These pictures were taken last week.

I do cut about every 3-4 days and usually cut about 1.5" off.

Hope it helps,

Mike


----------



## viper8u2

forgot to mention, 

I do have the same tractor as John, Prestige with 50" deck.

Also, when I said I usually cut 1.5" off at a time, that is the minimum, it usually varies between 1.5"-2.5" in my yard that I am cutting off. I cut it at 4" height.

FWIW,

Mike


----------



## guest

Thanks DB: I should have clarified..

I regularly pull the deck off and clean it down to bare metal.. before this last cutting.. it was cleaned & greased.. 

I also have put WD40 on the deck and most recently put about 4 coats of mo-deck onto the deck & chute.... 

I never thought about trying to alter the height... id think lowering the height would only cause more grass to be cut.. but ill give anything a try...


----------



## guest

viper, 
this time out the grass was high but usually i cut it every 4-5 days... and it still clogs...


did you go from a side discharge w/ a baffle kit then to a mulching kit? 

the dealer really swayed me from getting a mulching kit.. do you need to cut 2 times a week? how does the muclhing kit do on high grass?? 


if you had just the baffle kit and saw no problems.. that would lead me to believe my AG tires messed up the deck level or height!! 


thanks
sj


ps. Viper: your lawn looks great... did you enter the simplicity beautiful lawn contest? if nothing else.. you'll get a hat!


----------



## Live Oak

Is the grass thoroughly dry when you cut it?
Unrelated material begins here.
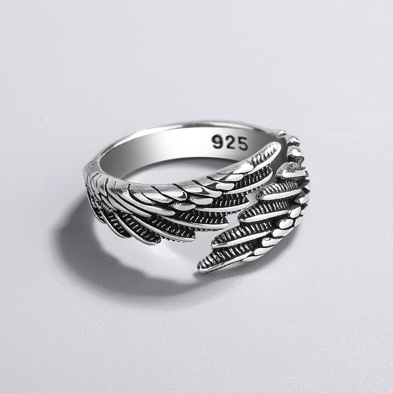 European and American Retro Old Feather Ring, Simple and Fashionable Thai Silver Jewelry, Elegant and High-End Ring

If it is wet or juicey grass; it will clump up.


----------



## guest

chief pretty dry.. i always wait till evening on a dry hot day prior to cutting...


----------



## Live Oak

Usually one of three things that cause this:

grass is too tall (try to cut no more than 1/4 to 1/3 the height of grass)

grass is too wet or juicey

mower has an excess amount of built up grass cutting stuck to the under side of the mower blocking the ejection pattern of the grass clippings.


----------



## DeereBob

> _Originally posted by simple_john _
> *...I never thought about trying to alter the height... id think lowering the height would only cause more grass to be cut.. but ill give anything a try... *


SJ,
It surprised me too but perhaps the slightly lower cutting height plus removing the caked grass created a little more air space above the blades to improve the mulching action. The only reason I mentioned the cutting height is I have had it set at 3" every since I got the new tractor 2 years ago. I lowered it slightly to see if the lawn would look better between weekly mowings. It may be that every deck has an optimal mulching cutting height based upon it's design and I just happened to stumble into mine. An unintuitive result which is why I posted it.


----------



## viper8u2

SJ,

did you go from a side discharge w/ a baffle kit then to a mulching kit? 
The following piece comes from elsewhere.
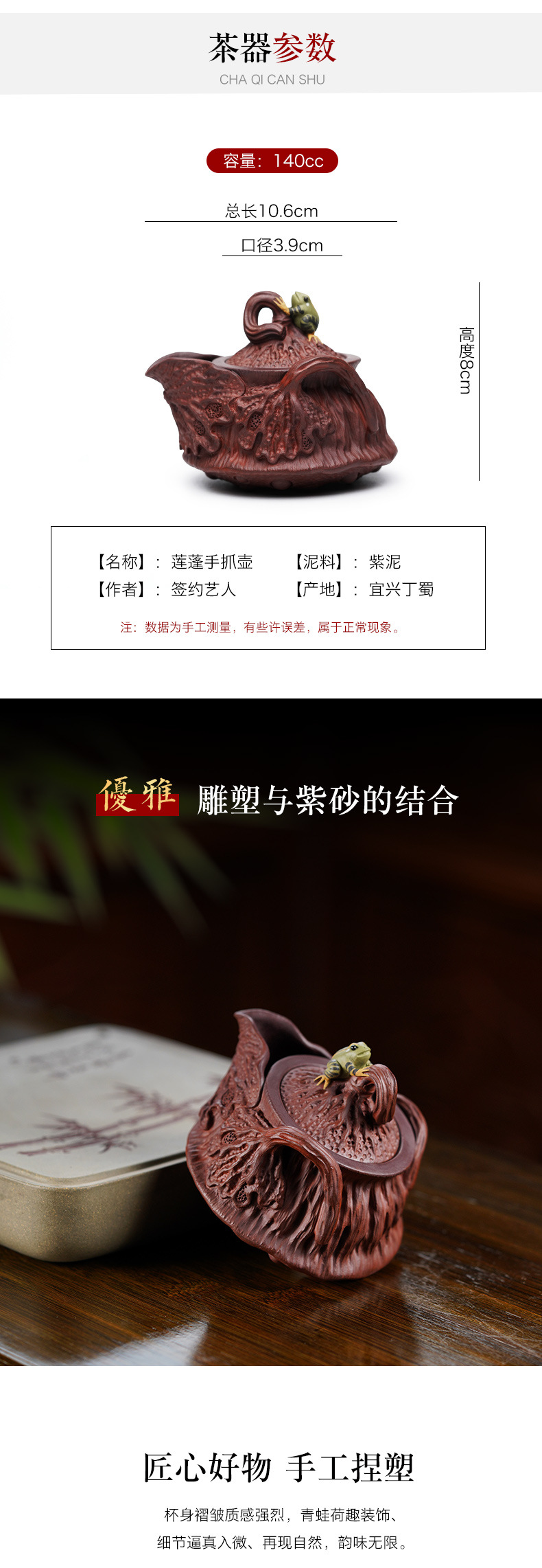 热销全手工莲蓬手抓壶140CC高档紫泥茶壶高水波新款公道杯盖碗茶具精品

Yes, I dont know if you remember, I posted the pictures of what the mulching kit consisted of... http://www.tractorforum.com/forums/showthread.php?s=&threadid=3318

the dealer really swayed me from getting a mulching kit.. do you need to cut 2 times a week? how does the muclhing kit do on high grass?? 

I do try to cut twice a week. It really ends up being about every 4 days. Last week it was really tall, I ended up cutting about 5" off at one time. I did have clump spots and ended up cutting the other direction to go over it a second time.
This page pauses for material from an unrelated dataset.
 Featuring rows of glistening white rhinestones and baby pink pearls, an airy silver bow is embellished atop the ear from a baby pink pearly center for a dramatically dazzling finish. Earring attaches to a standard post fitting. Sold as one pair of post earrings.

I did enter the checker board picture you see last week, dont see anything up on their website.

Mike


----------



## jodyand

sj your belt isnt slipping that maybe your problem your blades might not be turning as fast as they should. Just a thought how old is it :question:


----------



## guest

thanks mike, 
I remembered the pic of the mulching deck.. did not remember if it had a baffle on it initially....

the dealer said it was fairly expensive for the mulching kit.... (he indicatedd it would be around 200$) do you recall what you paid? does that sound right? 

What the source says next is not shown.